January 2022

’24-karat breakthrough’

I love the Popular Science print archive on Google Books. Exceptional writing about complex and exciting technologies; a magazine that rarely missed a pivotal moment.

Here’s an article from July 1970 heralding the first ever watch made without moving parts*. Its writer, Arthur Fisher, doesn’t fall short in telling readers the significance of what they’re about to read:

“Breakthrough. It’s a much-abused word–a pity at a time like this. Because here is a genuine, 24-karat breakthrough in timekeeping.”

The article then becomes a detailed explanation of precisely how the technology works, complete with a diagram of the circuitry. Fisher wraps it up in about 250 words, ending with the price: $1,500 — an eye-watering $10,000 in today’s money.
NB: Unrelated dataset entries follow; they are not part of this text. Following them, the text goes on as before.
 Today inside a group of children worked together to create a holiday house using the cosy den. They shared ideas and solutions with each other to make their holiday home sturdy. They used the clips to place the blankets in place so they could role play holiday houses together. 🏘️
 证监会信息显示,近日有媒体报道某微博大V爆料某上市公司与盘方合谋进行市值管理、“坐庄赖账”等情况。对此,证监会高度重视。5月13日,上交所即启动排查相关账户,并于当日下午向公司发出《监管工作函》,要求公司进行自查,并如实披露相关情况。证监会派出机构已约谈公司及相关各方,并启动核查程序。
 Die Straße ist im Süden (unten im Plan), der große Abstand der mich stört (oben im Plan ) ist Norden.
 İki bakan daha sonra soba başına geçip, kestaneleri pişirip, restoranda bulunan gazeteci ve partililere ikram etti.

It’s fun to draw a line from this technology to something like the Apple Watch. Like Apple, the makers of the “Pulsar” decided it needed to conserve battery power by having it “light up only on demand”.
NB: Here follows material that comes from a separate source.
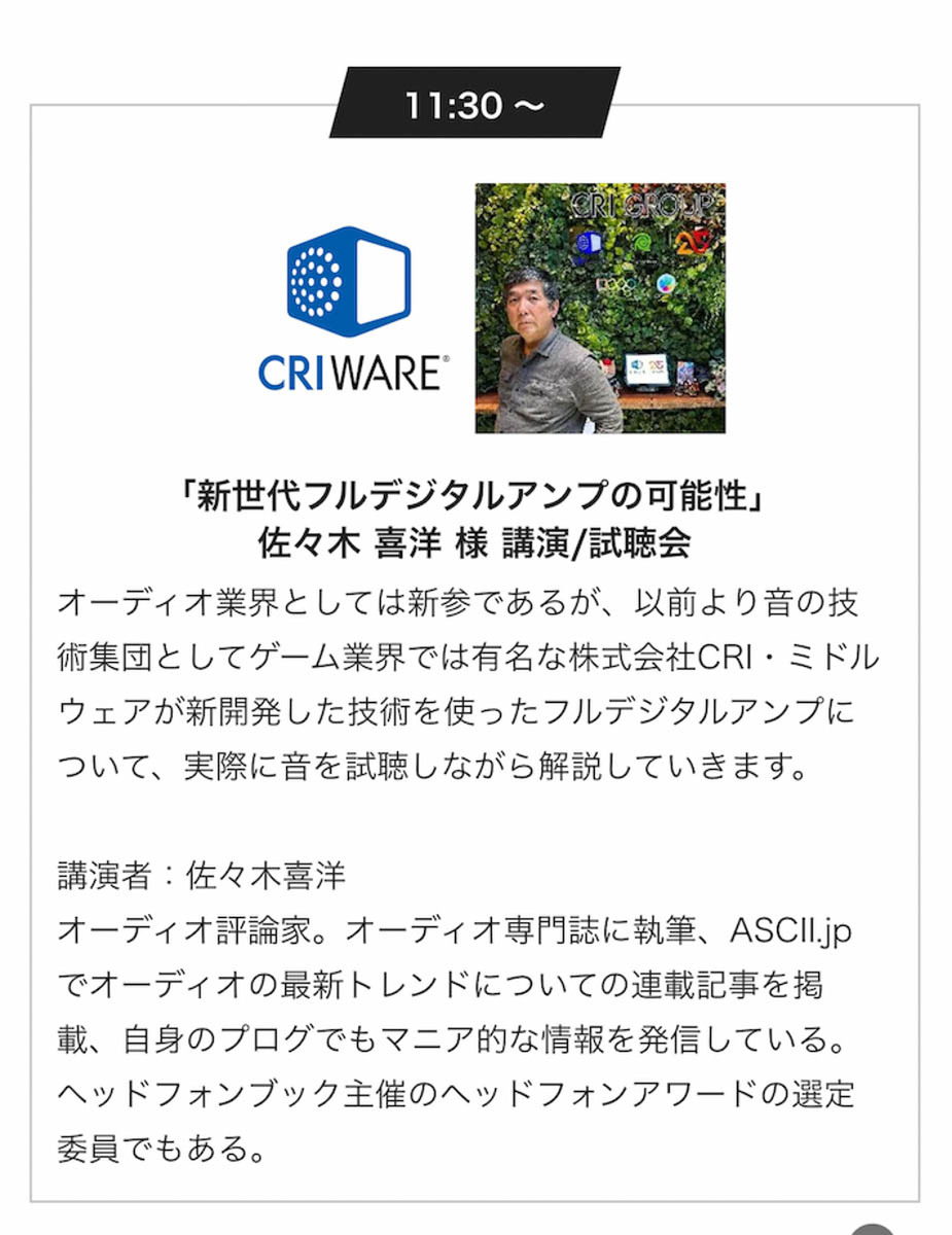 春のヘッドフォン祭 2023では、私自身もCRI・ミドルウェアのブースで「新世代のフルデジタルアンプの可能性」と銘打って講演をさせてもらった。アスキーの連載でも以前紹介したが、CRI・ミドルウェアの「D-amp」ドライバーの試作機を用いた解説と試聴のセッションである。立ち見が出るほどの盛況だったが、来場された方々にお礼を言いたいと思う。また、フルデジタルアンプというものに対しての興味がとても高まっているのを感じた。

(* “unless you count the oscillations of its quartz crystal”, that is. Pop Sci’s attention to detail was always second-to-none.)

On influencer-journalists

If all or most journalists were columnists in the influencer-journalist vein, we would not get stories like The Wall Street Journal’s Facebook Files or The Information’s investigation into Apple’s secret deals with the Chinese government. Elizabeth Holmes wouldn’t be a convicted felon. We’d have remained in the dark about Donald Trump’s taxes—not to mention those of the hundreds of billionaires ProPublica exposed last year.

Jessica Lessin, writing in The Information, touching on an important point regarding the inherent weaknesses of influencer (or newsletter) journalism. As she notes, the model is enticing for all involved, readers included, but it can’t replace investigative work done by a large editorial body (and its expensive lawyers).
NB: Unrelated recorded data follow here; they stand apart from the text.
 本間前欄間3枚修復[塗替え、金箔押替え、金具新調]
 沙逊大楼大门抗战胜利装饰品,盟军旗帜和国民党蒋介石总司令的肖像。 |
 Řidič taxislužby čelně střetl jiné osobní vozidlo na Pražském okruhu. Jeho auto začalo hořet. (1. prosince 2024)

I’d also argue that the role of traditional broadcast media is underappreciated too. It may feel like a straightforward occurrence every time there is a speech/rally/whatever on television, but getting material out there requires nothing short of an army: the camera operator, the sat truck operator, the technicians, the producers, the reporters, the travel planners, the diary planners, the archivists and so on.

They’re all part of one big expensive puzzle that means you can, with one Google search, find footage of exactly what was said at any given event. In other words — we’re all in this together.